岸 由利子 | Yuriko Kishi

電気、モーターやバッテリーなどを一切使わず、振り子とバネの力だけで、歩く力をアシストする『ACSIVE(アクシブ)』。これは、名古屋工業大学の佐野明人教授が、15年以上にわたり研究・解明してきた「受動歩行」の理論を基に、同大学と株式会社今仙技術研究所が約4年の歳月をかけて共同研究・開発した世界初の“無動力歩行支援機”だ。2017年6月に発売された『aLQ(アルク)』も、無動力で歩行をアシストする歩行支援機だが、ACSIVE(アクシブ)のノウハウをベースにさらなる進化が加わったという。両者の違いとは?揺らす支援とは?その先の未来に描く世界とは?受動歩行ロボット研究の世界的権威、佐野教授とHERO X編集長の杉原行里(あんり)の対談をお届けする。

ACSIVE(アクシブ)とaLQ(アルク)のすみ分けとは

佐野:ACSIVE(アクシブ)とaLQ(アルク)は、いずれも、振り子とバネの力だけで、歩く力をアシストする無動力歩行支援機ですが、少しすみ分けをしています。製造背景についてお話すると、ACSIVE(アクシブ)が、義足や電動車いすなどの福祉用具の開発を手がける今仙技術研究所であるのに対し、aLQ(アルク)は、その親会社であり、自動車部品の製造を専門とする独立系メーカーの株式会社今仙電気製作所で行われています。
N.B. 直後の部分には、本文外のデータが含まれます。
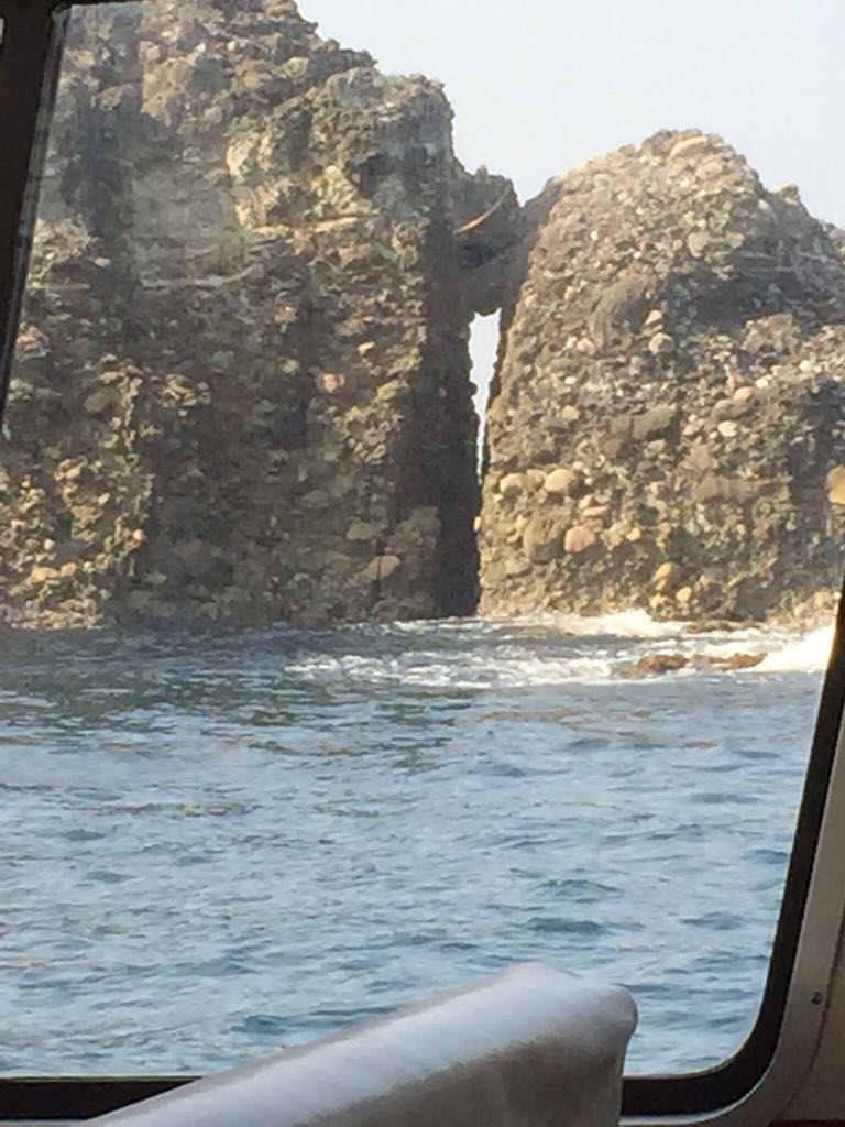 こんな岩がスレスレな場所へも遊覧船は入って行きます。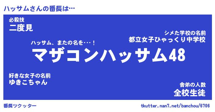 | 意味不明あだ名 | 『ペロリンハッサム』『永久保存ハッサム』 |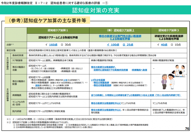 これは①の医師又は認定看護師の配置については、認知症ケア加算1の要件が必要になってきます。認定看護師の要件は厳しいですが、「認知症ケアチーム」の設置や定期的カンファレンスの実施、病棟巡回等の算定要件はなく、定期的な認知症ケアの実施状況の把握と病棟職員への助言でよいものとされています。
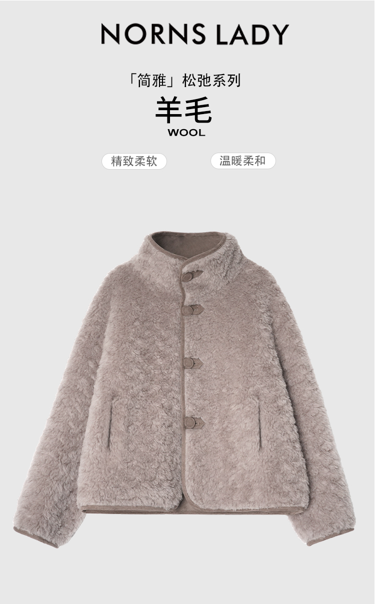 NORNS LADY诺恩 复古加厚羊羔毛双面短款立领盘扣外套 H25WK86922 -12.16直播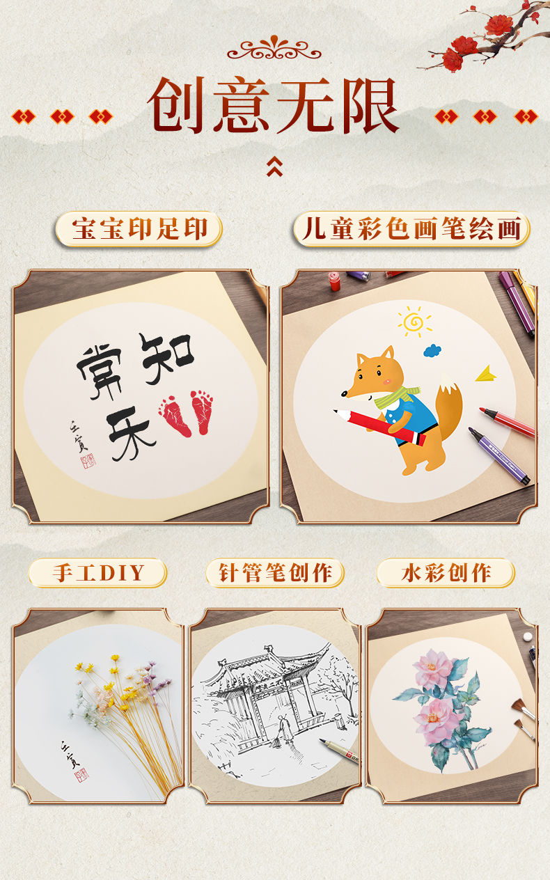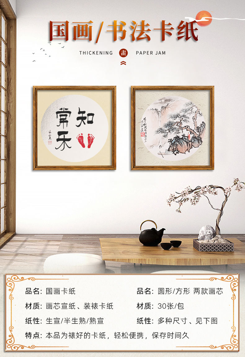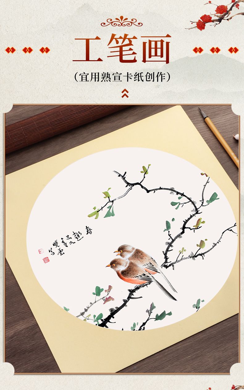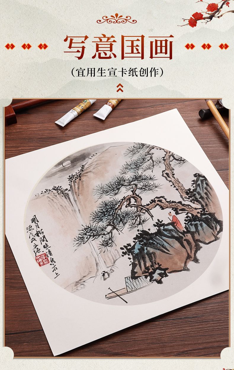 国画生宣卡纸加厚镜片纸熟宣半生熟镜面书法宣卡纸工笔画圆形正方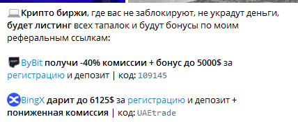Раз в несколько дней Aram crypto опубликовывает посты о том, какими биржами лучше всего пользоваться как опытным, так и начинающим криптоэнтузиастам. Речь всегда идет о ByBit или BingX. На каждой из площадок у трейдера уже есть аккаунты. Для тех, кто не еще не зарегистрирован на этих криптобиржах создатель Телеграм-канала предлагает свои реферальные ссылки.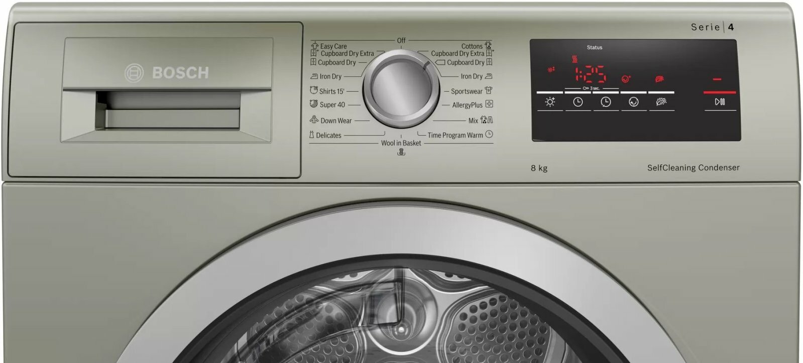 Type: tumble dryer, installation: in a column, freestanding, depth: 609 mm, width: 596 mm, loading type: front, drying type: condensing with heat pump, modes / functions: gentle drying, easy ironing, sound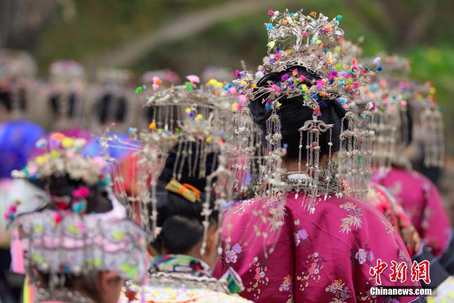 2月13日,贵州榕江平定侗寨,侗家女头戴绚丽的银饰在踩歌堂。当日,贵州省黔东南苗族侗族自治州榕江县乐里镇平定侗寨邀请相邻的8个侗寨侗族民众前来寨中“吃相思”,各村寨男女青年聚集一堂“吃相思”,增进友谊。吃相思,俗称“为客”,侗语叫“越嘿”,时间多在农历正月、二月或秋后,是侗族地区村寨之间为拓宽社交,加深友谊而举行的民族风情活动。中新社记者 贺俊怡 摄

また、ACSIVE(アクシブ)は、脳卒中などで体の片側にまひが残る方、足の振り出しが困難な方など、基本的には、歩行に障害のある方をアシストするためのもの。対して、aLQ(アルク)は、ACSIVE(アクシブ)をさらに軽量化し、健康な方にも、より健康を目指す方にも、手軽に使えるように開発したものです。毎日のウォーキング、レジャーや旅行など、歩くことを楽しみたい方や、生活範囲を広げたい方の歩行をアシストするためのものです。装着感も、ACSIVE(アクシブ)は膝下にしっかりと、aLQ(アルク)は膝上に軽やかに留めるという違いを出しています。

杉原:ユーザーの方からはどんな反響がありますか?

佐野:ご高齢の方がaLQ(アルク)を使うと、「10年くらい前に戻った気がする」とおっしゃるケースもあります。その頃の歩き方を明確に覚えているわけではありませんが、「機械に作られた動きではなく、自然な感じで歩きやすくなった」という声を多くいただきます。

杉原:階段の昇り降りも、アシストできるのですか?

佐野:バネの力が継続してかかるようになっているので、下支えで脚をシュッと上げてくれます。手すりを引き上げないと上がらなかった脚が、わりとトントン上がるようになったという方もいますね。カーボンのフレームを、太ももから膝下まで沿わせてあるので、階段を下る時に起きる膝のふらつきは抑えられます。ただ、あくまで歩く力をアシストするためのものなので、膝や足首にかかる負担を直接的に軽減することはできないのですが、「膝の痛みが減った」と言われる方も中にはいらっしゃいます。

手軽なaLQ(アルク)に、予想外の反響!?

佐野:ACSIVE(アクシブ)の場合は、歩行に障害のある方が同伴者と来られるケースがほとんどです。普段の歩き方や病状など、時間をかけてお聞きした上で、試着を行っていきます。良ければ、購入されるという流れなのですが、aLQ(アルク)の方が価格的にも手頃ということもあって、購入される方の感覚が、ACSIVE(アクシブ)とはまた少し違うんですね。ふと立ち寄られた店で試着された方がそのまま付けて帰られたり、二台目を買うために再度問い合わされた方もいます。旦那さんなのか、親御さんなのか、どなたのためのものなのか分からないのですが、二台目を購入するケースは初めてだったので驚きました。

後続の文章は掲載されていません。